26th Chief Justice of the Wisconsin Supreme Court
- In office April 29, 2015 – April 30, 2021
- Preceded by: Shirley Abrahamson
- Succeeded by: Annette Ziegler

Justice of the Wisconsin Supreme Court
- In office August 1, 2003 – July 31, 2023
- Preceded by: William A. Bablitch
- Succeeded by: Janet Protasiewicz

Judge of the Wisconsin Court of Appeals District IV
- In office August 1, 1996 – July 31, 2003
- Preceded by: Paul C. Gartzke
- Succeeded by: Paul B. Higginbotham

Personal details
- Born: Patience Drake July 7, 1940 (age 86) Joliet, Illinois, U.S.
- Spouse: George Roggensack
- Children: 3
- Education: Drake University (BA); University of Wisconsin, Madison (JD);

= Patience D. Roggensack =

American judge (born 1940)

Patience Drake Roggensack (née Drake; born July 7, 1940) is a retired American attorney and jurist. She served as the 26th chief justice of the Wisconsin Supreme Court from 2015 to 2021. Concurrently, she served for 20 years on the high court, from 2003 through 2023.

==Early life and career==
Patience Drake was born in Joliet, Illinois. She graduated from Lockport Township High School in Lockport, Illinois; she then received her bachelor's degree from Drake University in 1962. After this, she worked at several universities as a research assistant before attending the University of Wisconsin Law School, where she graduated with a Juris Doctor degree in 1980.

After graduating law school, Roggensack practiced law in Madison, Wisconsin, for 16 years. This included work at the firm of DeWitt Ross & Stevens S.C., where she served as co-chairwoman of the litigation section.

==Judicial career==
In 1995, Roggensack unsuccessfully ran for the Wisconsin Supreme Court.

In 1996, Roggensack was elected to the Wisconsin Court of Appeals, narrowly defeating Milwaukee attorney Erica Eisinger in the spring general election for a seat being vacated by outgoing justice Paul C. Gartzke. The victory was narrow, coming after a heated race. Roggensack lost in Dane County, but won in the other counties in the district (aided by effective television advertisements run by her campaign). She served seven years on the Court of Appeals District IV, which was composed of most of central and southwestern Wisconsin, being reelected in 2002 without opposition.

Roggensack was elected to the Wisconsin Supreme Court in 2003, defeating Barron County Circuit Court Judge Edward R. Brunner.

Roggensack was elected Chief Justice of the Wisconsin Supreme Court by her peers on April 29, 2015, following the certification of votes from the April 2015 election.

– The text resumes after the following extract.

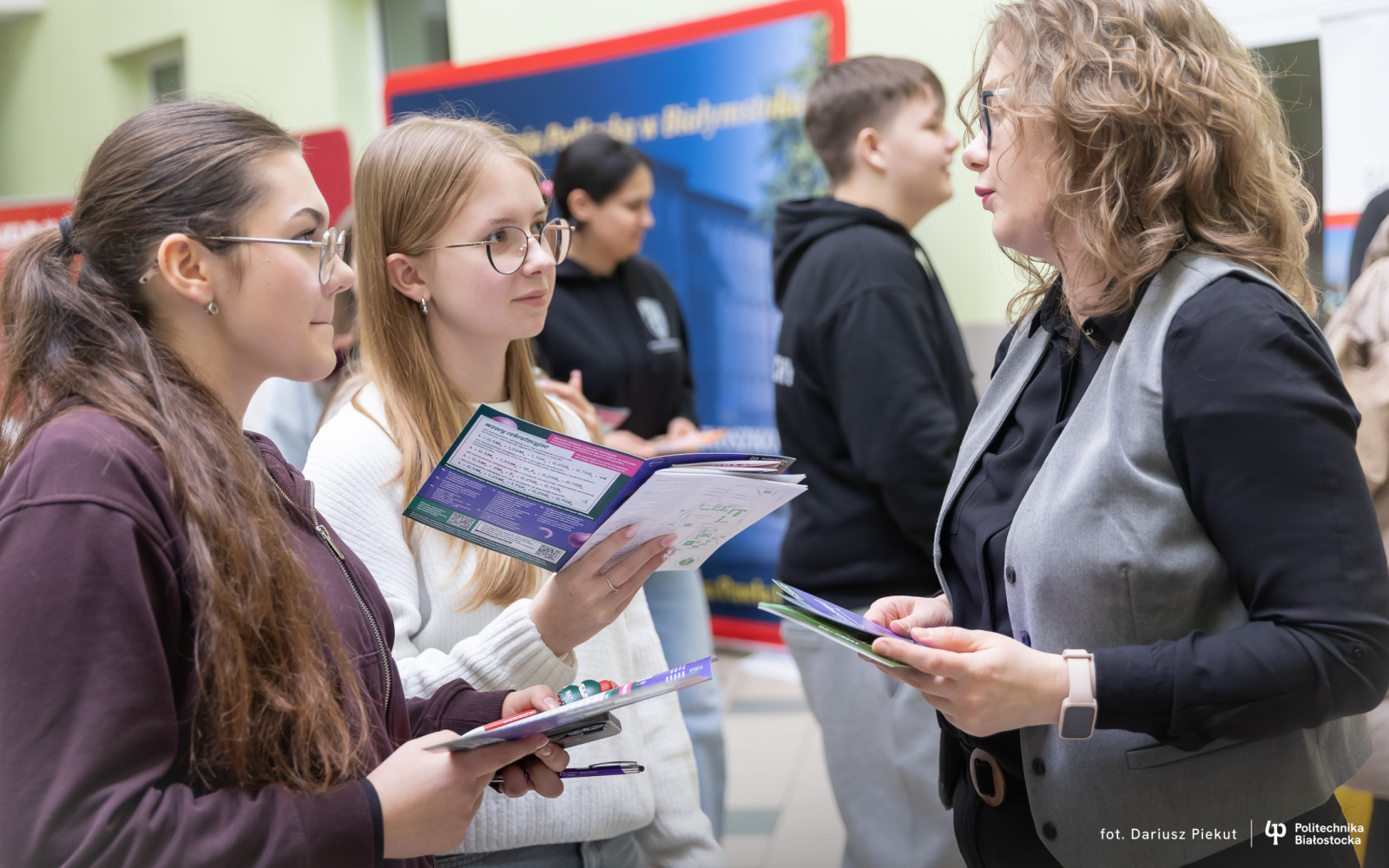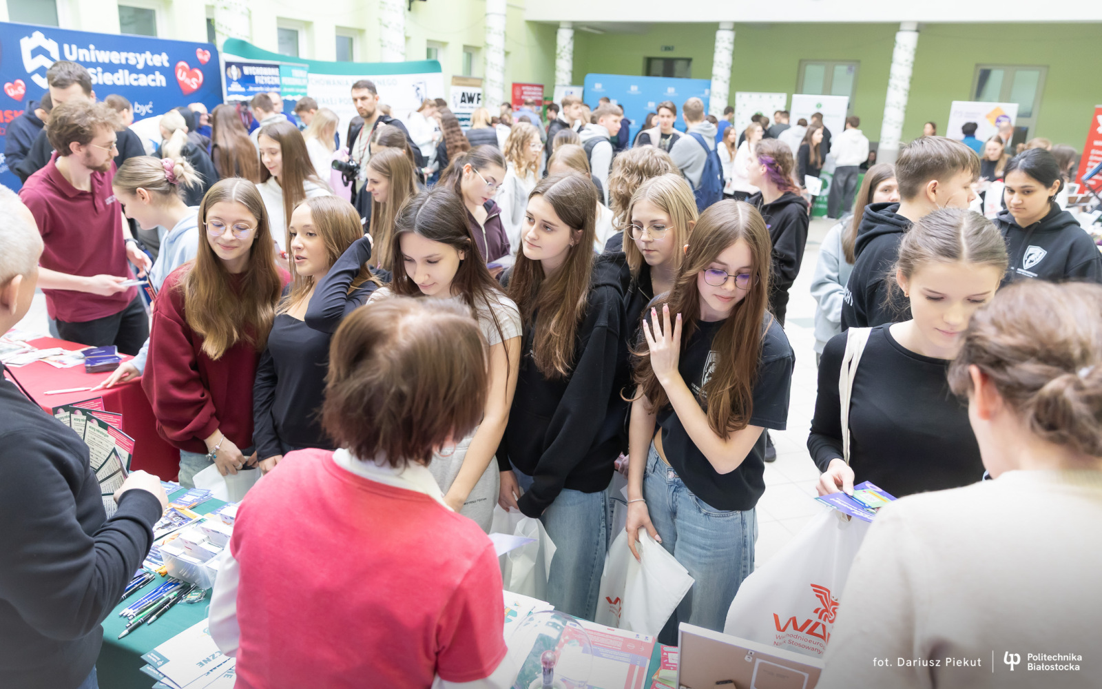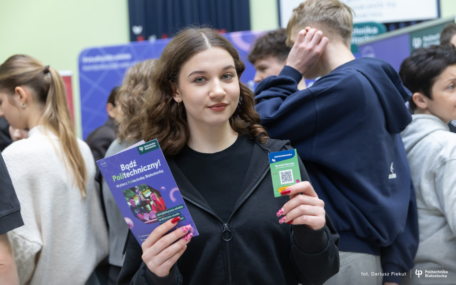 – Przyjechałam tu, żeby poszukać uczelni dla siebie i myślę, że będzie nią Politechnika Białostocka – mówi Natalia Brzozowska, uczennica I Liceum Ogólnokształcącego im. Tadeusza Kościuszki w Bielsku Podlaskim. – Chciałabym studiować zarządzanie, bo widzę w tym kierunku swoją przyszłość i możliwość rozwoju. To branża, która daje gwarancję zatrudnienia niemal wszędzie, a ja chcę mieć pewność, że po dyplomie nie będę musiała szukać pracy przez rok.

Voters approved an amendment to the state constitution that changed the way the chief justice of the Supreme Court was selected. Previously, the justice with the most seniority held the position, but the amendment allowed court members to choose the chief justice.

Following the justices' election of Roggensack as chief justice, former Chief Justice Shirley Abrahamson filed a federal lawsuit challenging the implementation of the constitutional amendment, which was heard on May 15, 2015. Five of the seven justices asked the federal judge to dismiss Abrahamson's lawsuit. On May 15, 2015, the federal court denied Abrahamson's request for immediate reinstatement as chief justice. U.S. District Judge James D. Peterson determined there was no harm in Roggensack serving as chief justice while Abrahamson's lawsuit continued.

Justice Roggensack ultimately relinquished the job of chief justice in April 2021, backing the election of Justice Annette Ziegler as the 27th Chief Justice of the Wisconsin Supreme Court.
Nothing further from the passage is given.